* _What this task involves_:
Nothing but the lines from the one holding "HKI150-120NB for Huntkey" through the last line of the material below should be set down, exactly and without images.

* _Supplied entries_:
--- START ---

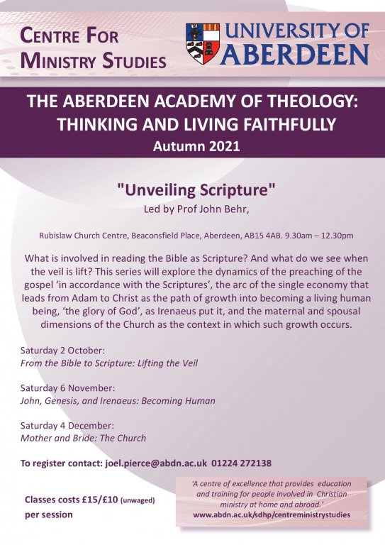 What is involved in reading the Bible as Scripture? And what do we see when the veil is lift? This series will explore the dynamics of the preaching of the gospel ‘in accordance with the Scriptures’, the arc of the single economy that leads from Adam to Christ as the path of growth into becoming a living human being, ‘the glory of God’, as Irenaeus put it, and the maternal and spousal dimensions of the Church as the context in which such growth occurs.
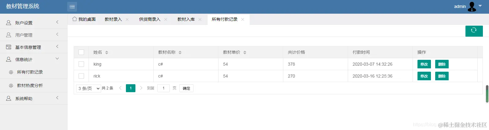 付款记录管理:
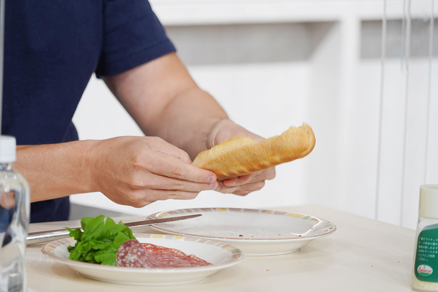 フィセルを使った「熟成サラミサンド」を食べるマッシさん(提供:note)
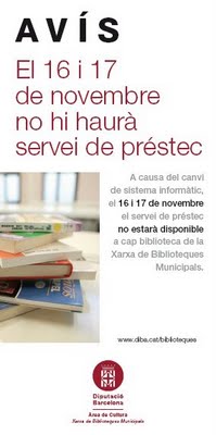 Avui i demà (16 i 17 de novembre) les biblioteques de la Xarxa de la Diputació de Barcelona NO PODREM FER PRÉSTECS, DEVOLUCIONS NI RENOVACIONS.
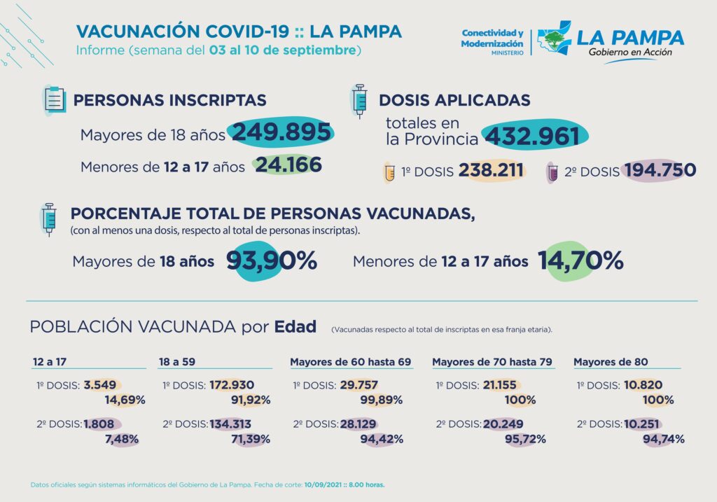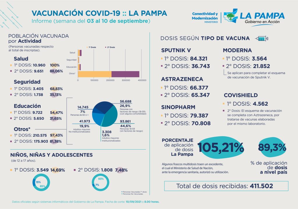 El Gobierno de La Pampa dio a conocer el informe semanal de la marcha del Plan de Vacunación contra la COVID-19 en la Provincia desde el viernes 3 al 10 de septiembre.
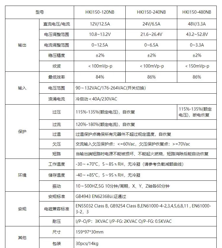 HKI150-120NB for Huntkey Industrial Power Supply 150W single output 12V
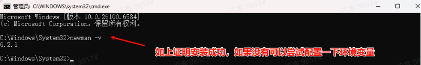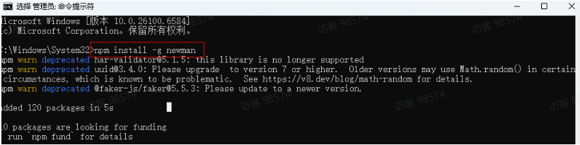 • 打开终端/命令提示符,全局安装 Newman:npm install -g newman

--- END ---

* _Final answer_:
 HKI150-120NB for Huntkey Industrial Power Supply 150W single output 12V
 • 打开终端/命令提示符,全局安装 Newman:npm install -g newman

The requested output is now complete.